Calling prototype methods from javascript constructor
I have the following simple inheritance pattern and I would like to know if it is okay to call methods the way I do inside a constructor function (mostly using this
"super prototype" instead.
Parent class, Pet
function Pet(name) {
this.name = name;
this.nickname = name;
this.adopt();
}
Pet.prototype.adopt = function() {
this.nickname = 'Cutty ' + this.name;
}
Pet.prototype.release = function() {
this.nickname = null;
}
Pet.prototype.cuddle = function() {
console.log(this.name + ' is happy');
}
Subclass, Lion
function Lion(name) {
Pet.prototype.constructor.apply(this, arguments); // super(name)
this.cuddle();
this.release();
}
Lion.inherits(Pet);
Lion.prototype.adopt = function() {
// DTTAH
}
Lion.prototype.release = function() {
Pet.prototype.release.call(this);
console.log('Thanks for releasing ' + this.name);
}
inherits
helper (polycomplete I don't know very well)

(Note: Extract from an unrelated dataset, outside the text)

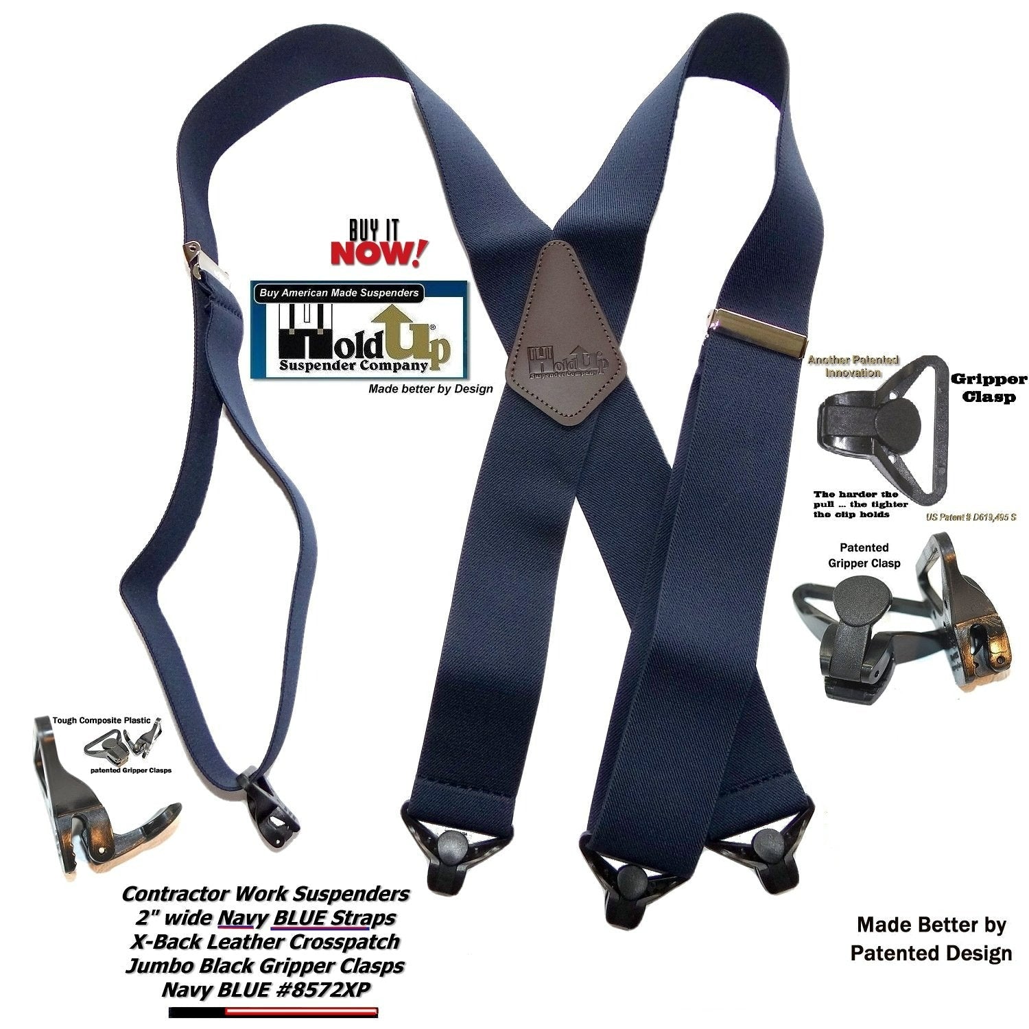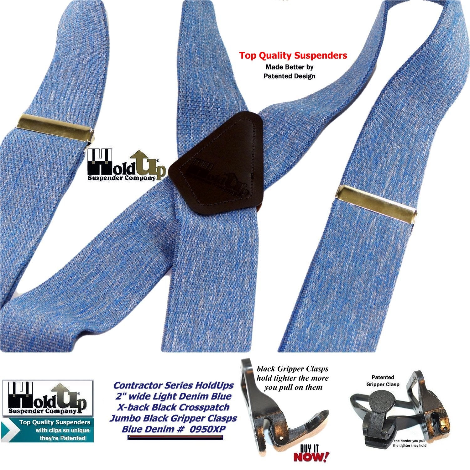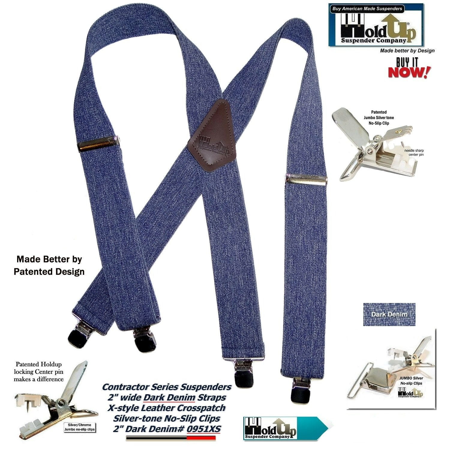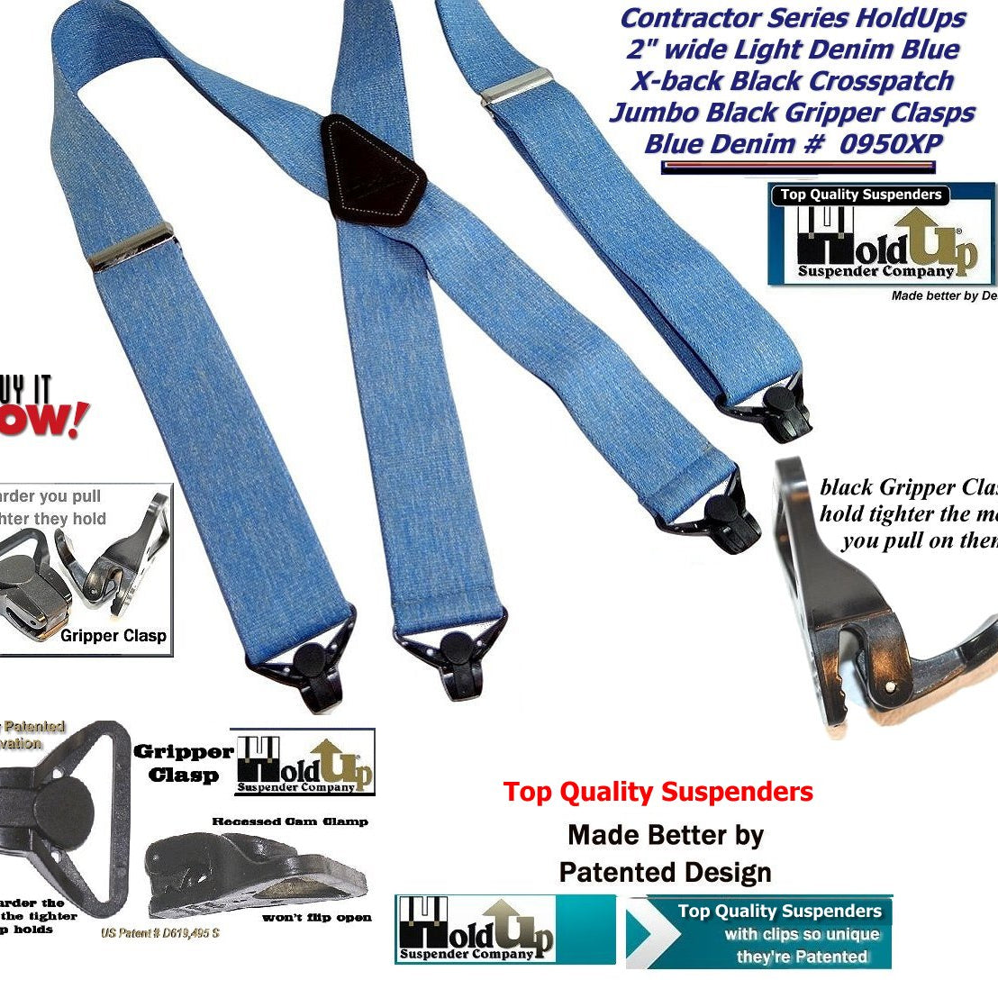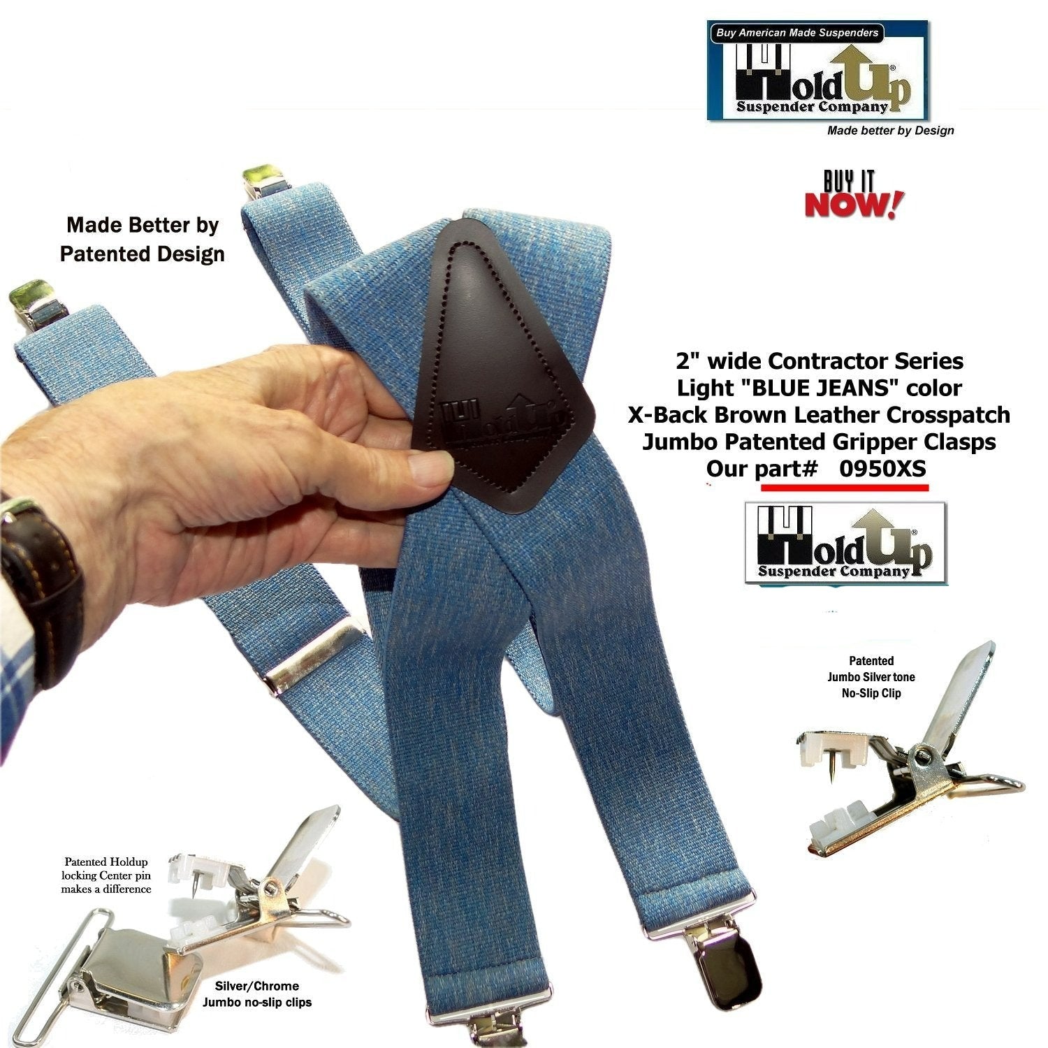 All materials are carefully chosen for elasticity, durability and Holdup's come with a limited clip guarantee that they'll never slip-slide or Pop Off your pants. Buy one of these Holdup Suspenders in a heavy-duty 2" width that are built to last a limited! All have our exclusive heavy-duty jumbo no-slip clips or Black Jumbo Gripper Clasps attached on the 4 USA made elastic suspender straps. The Holdup logo is embossed in the X-back brown leather crosspatch made from top-grade leather. Now featuring a light and Dark denim work suspenders and a 2 inch wide USA Flag pattern style on sale at our Amazon Holdup Suspender Web Shop. Get heavy-duty work suspenders for the working man from a USA company committed to being America's premier pant suspender manufacturer. You may pay by using your Amazon or PayPal account or using your preferred credit/Debit Card with Free Freight option at checkout.

Function.prototype.inherits = function(Parent) {
function ProtoCopy() {}
ProtoCopy.prototype = Parent.prototype;
this.prototype = new ProtoCopy();
this.prototype.constructor = this;
}
My pets are created this way var lion = new Lion('Simba')
In Lion's constructor,
Can I use this
sub / parent class when calling methods? Or should I use methods from the original prototype directly? (for example pseudo-call super()
or release()
)
The reasons why I am asking:
-
this
runtime substitution -
constructor
property is not always what we think (from what I read here and there)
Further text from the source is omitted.